**Task to complete**: Copy exactly every line below, from the first through the one that contains "Рисунок 1 - Янаульский район на карте", and skip all pictures.
++++ Dataset
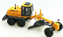
No. 208-912 ダイキャスト重機 モーターグレーダー サイズ/33.0x17.0x12.0 コード/289128
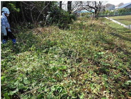
西部低地部の整備 上＝整備前・下＝整備後
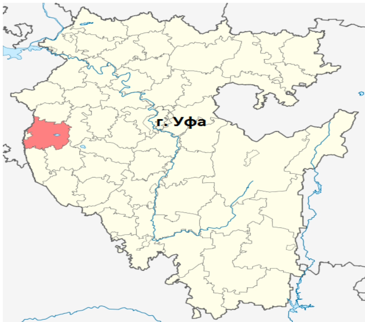
Рисунок 1 - Янаульский район на карте

Сельское поселение Байгузинский сельсовет расположен в юго-западной части Муниципального района Янаульский район. Территория сельсовета граничит с севера – с территорией Муниципального района Новоартаульский, с северо-востока – с территорией Муниципального района Шудекский, с юго-востока – с территорией Муниципального района Первомайский, с запада с территориями сельских поселений Муниципального района Янаульский район: Старокудашевский, Кисак-Каинский.
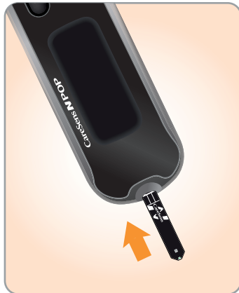
1 Aseta testiliuska
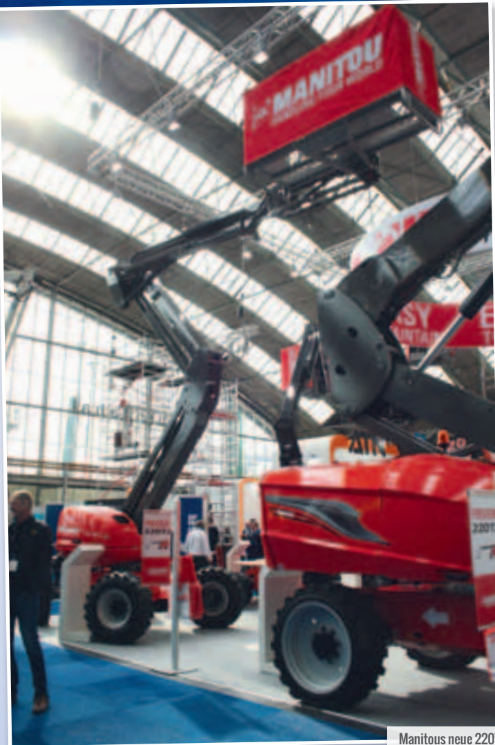
Manitous neue 220TJ erweitert die Palette nach unten
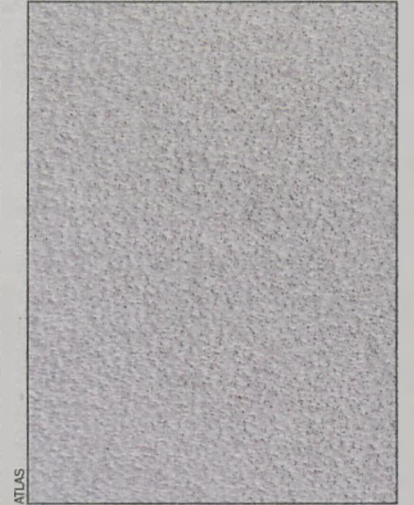
Struktura tynku Atlas Cermit MN

osłabić przyczepność tynku i zagruntowane podkładową masą tynkarską. Zwiększa to przyczepność oraz pozwala na uzyskanie równej powierzchni podkładu. Przygotowanie tynku polega na wymieszaniu suchej mieszanki z odpowiednią ilością wody, zgodnie z instrukcją podaną na opakowaniu. Czynność tę należy wykonać wyłącznie urządzeniem z mieszadłem wstęgowym. Użycie innego mieszadła może skutkować powstaniem „kluch” i zatorów w dyszy agregatu.
++++++++
**Solution for this problem**:
No. 208-912 ダイキャスト重機 モーターグレーダー サイズ/33.0x17.0x12.0 コード/289128
西部低地部の整備 上＝整備前・下＝整備後
Рисунок 1 - Янаульский район на карте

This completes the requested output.